To make your network perform better, you can always deepen it (more layers), widen it (more units per hidden layer) and/or add more nonlinear activation functions for your layers to be able to map to a wider range of values.

Also, I believe the reason why you originally got so many repeated values is due to the size of your network. Apparently, each of the data points has roughly 20,000 features (pretty large feature space); the size of your network is too small and the possible space of output values that can be mapped to is consequently smaller. I did some testing with some larger hidden unit layers (and bumped up the number of layers) and was able to see that the prediction values did vary: [0.519], [0.41], [0.37]...

It is also understandable that your network performance varies so because the number of features that you have is about 50 times the size of your training (usually you would like a smaller proportion).

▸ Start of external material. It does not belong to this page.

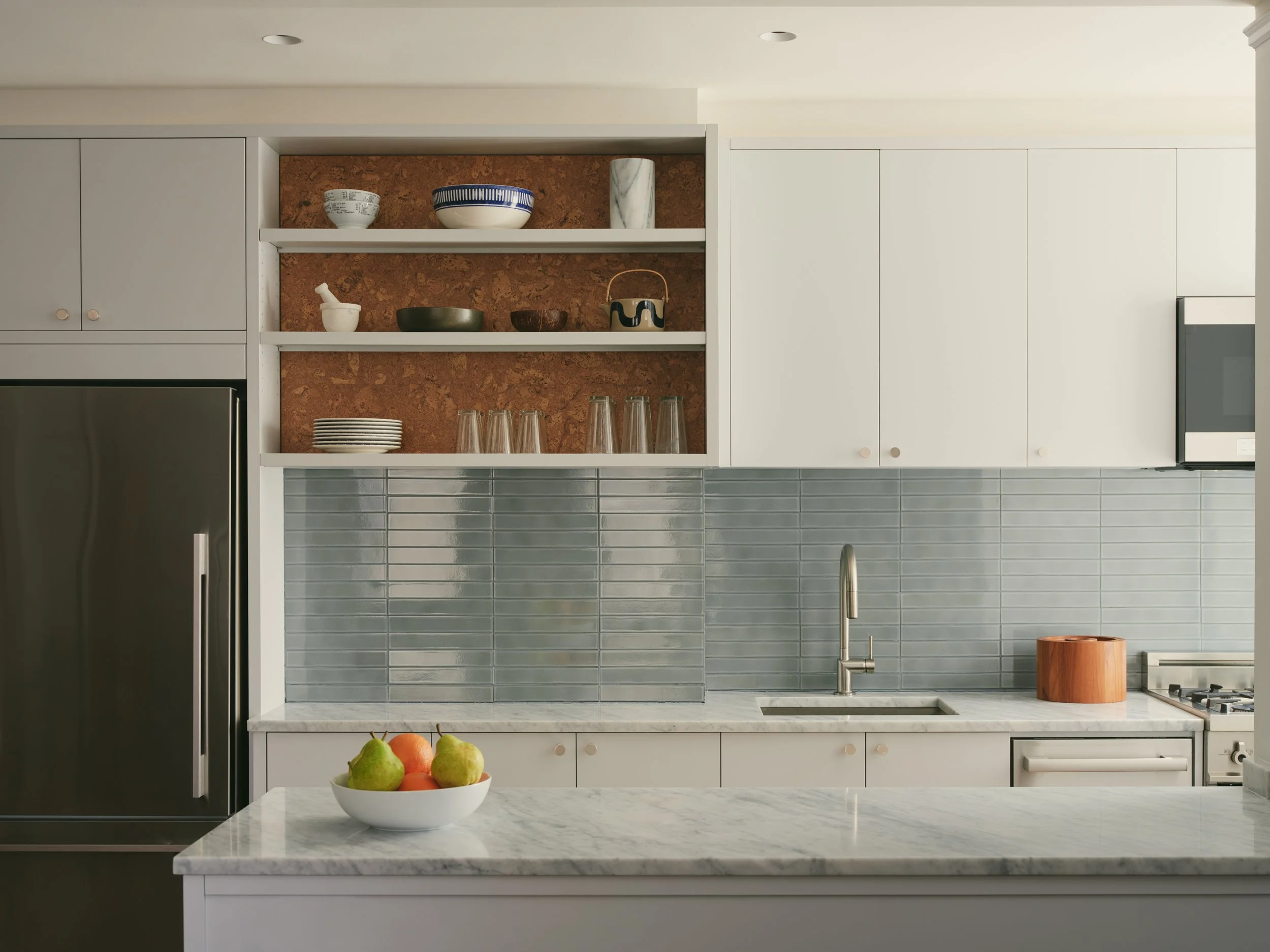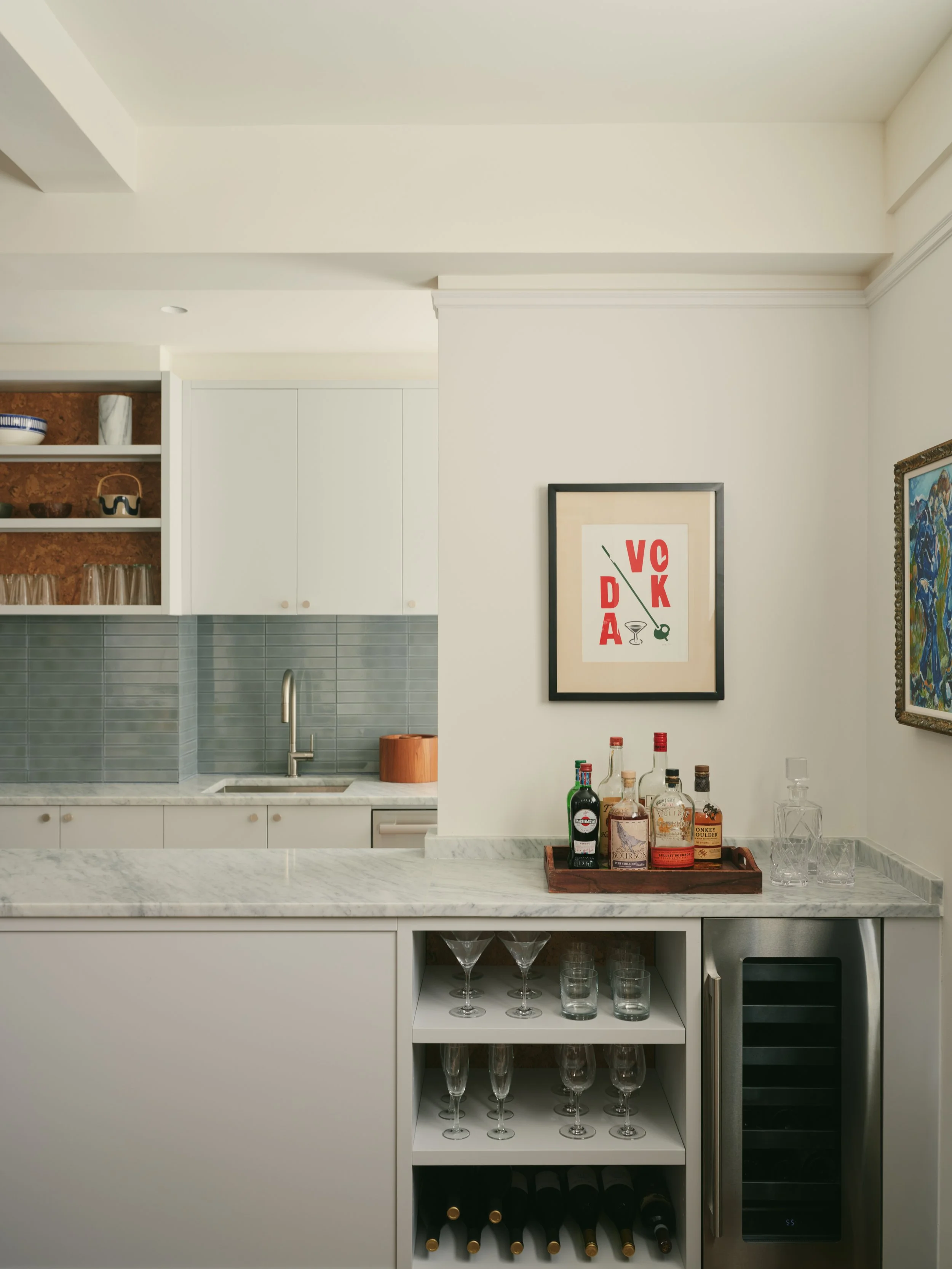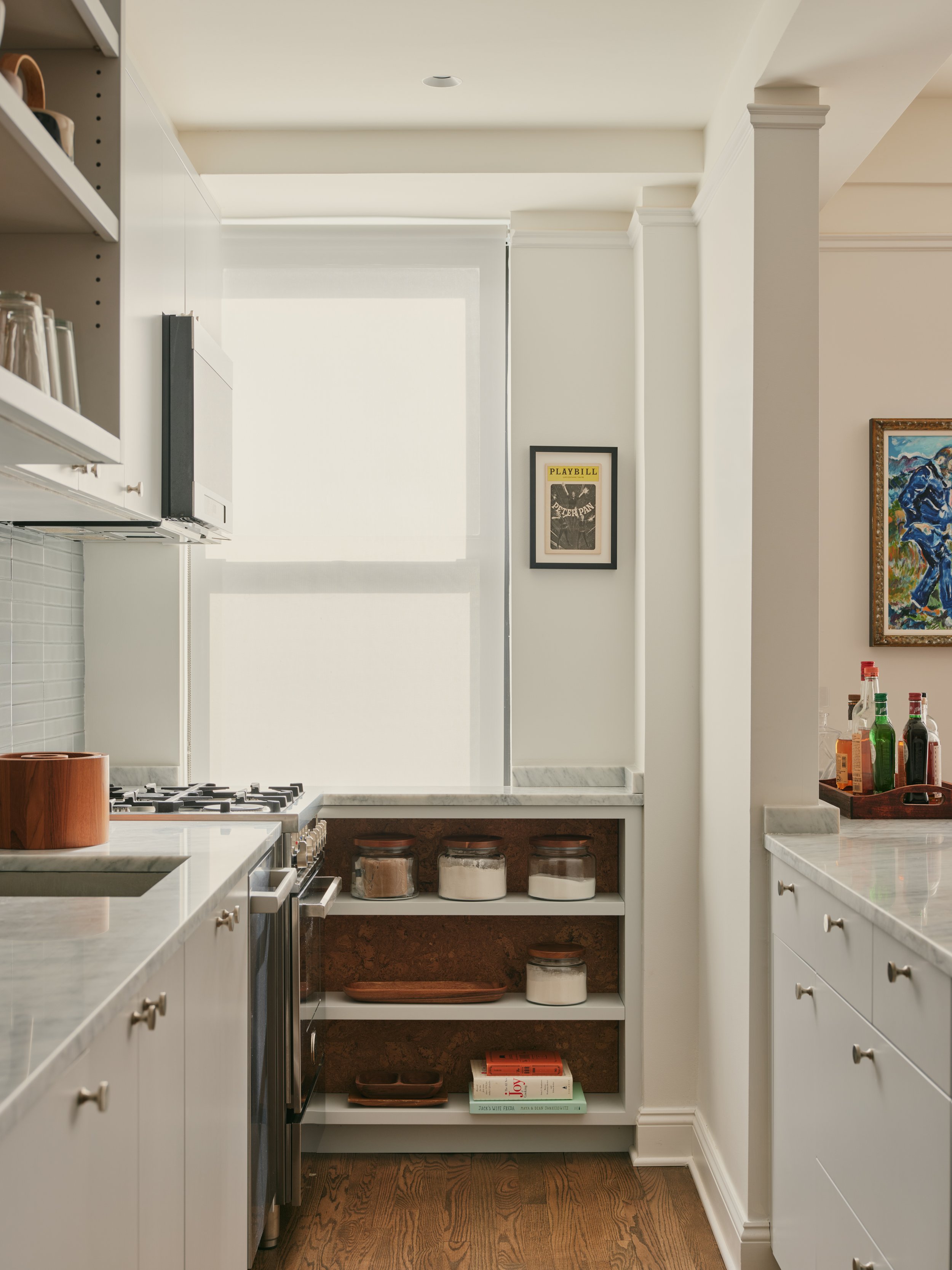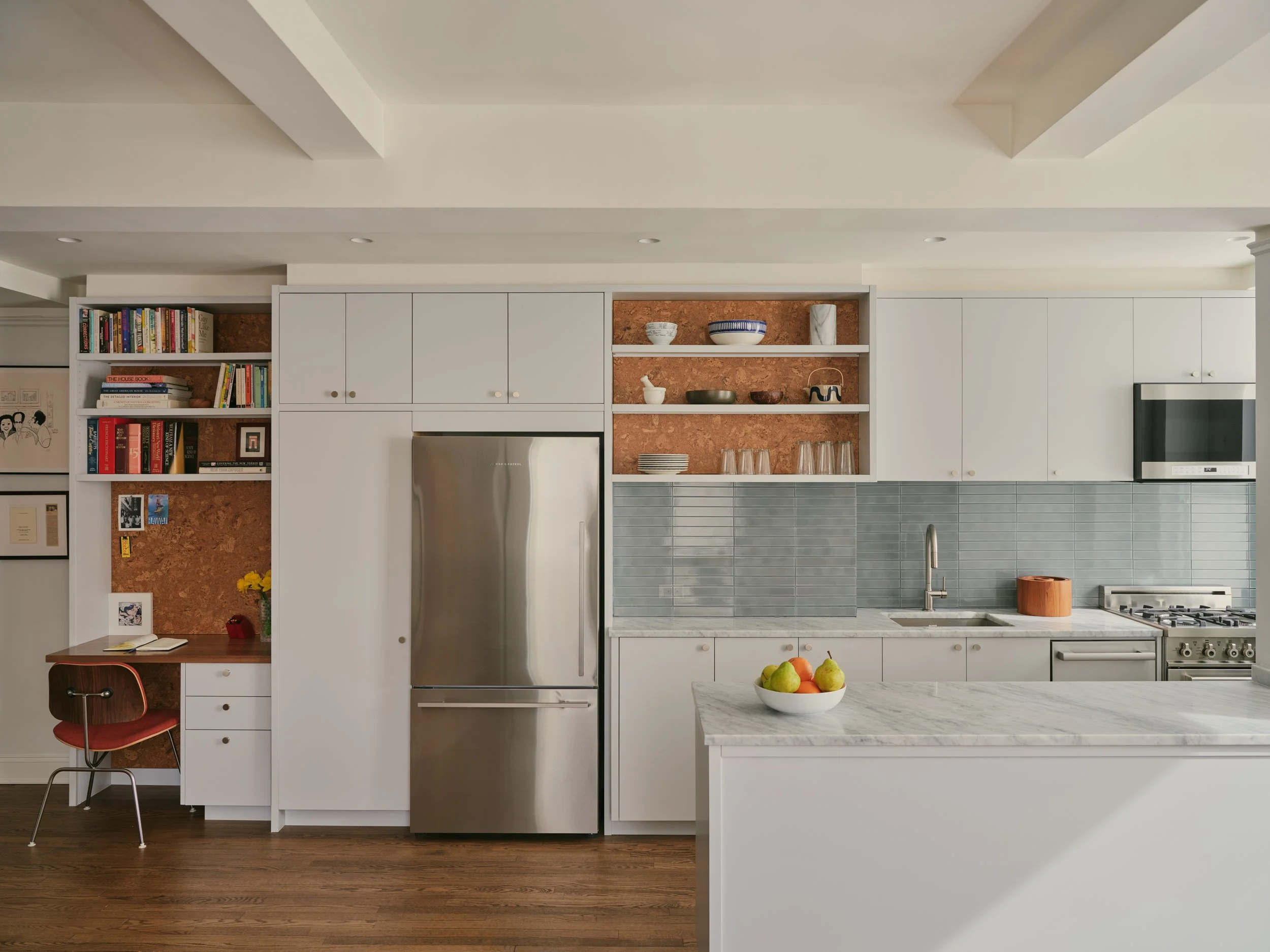 When we were hired to renovate a home in Manhattan’s Chelsea neighborhood, our clients asked us to rethink a typical NYC Pre-War apartment layout to better suit modern living, while maintaining the spirit of the place. The basis of our solution was to remove a number of walls and combine rooms to create a large common area. We also introduced a distinctively modern floor-to-ceiling wall cabinet that encompasses the kitchen, storage, and home office. What used to occupy a series of rooms is now arranged in a single piece of millwork, leaving much of the apartment as open space filled with natural light.

Keep in mind that training for too many epochs (like more than 10) for so small training and test dataset to see improvements in loss is not great practice as you can seriously overfit and is probably a sign that your network needs to be wider/deeper.

All of these factors, such as layer size, hidden unit size and even number of epochs can be treated as hyperparameters. In other words, hold out some percentage of your training data as part of your validation split, go one by one through the each category of factors and optimize to get the highest validation accuracy. To be fair, your training set is not too high, but I believe you should hold out some 10-20% of the training as a sort of validation set to tune these hyperparameters given that you have such a large number of features per data point. At the end of this process, you should be able to determine your true test accuracy. This is how I would optimize to get the best performance of this network. Hope this helps.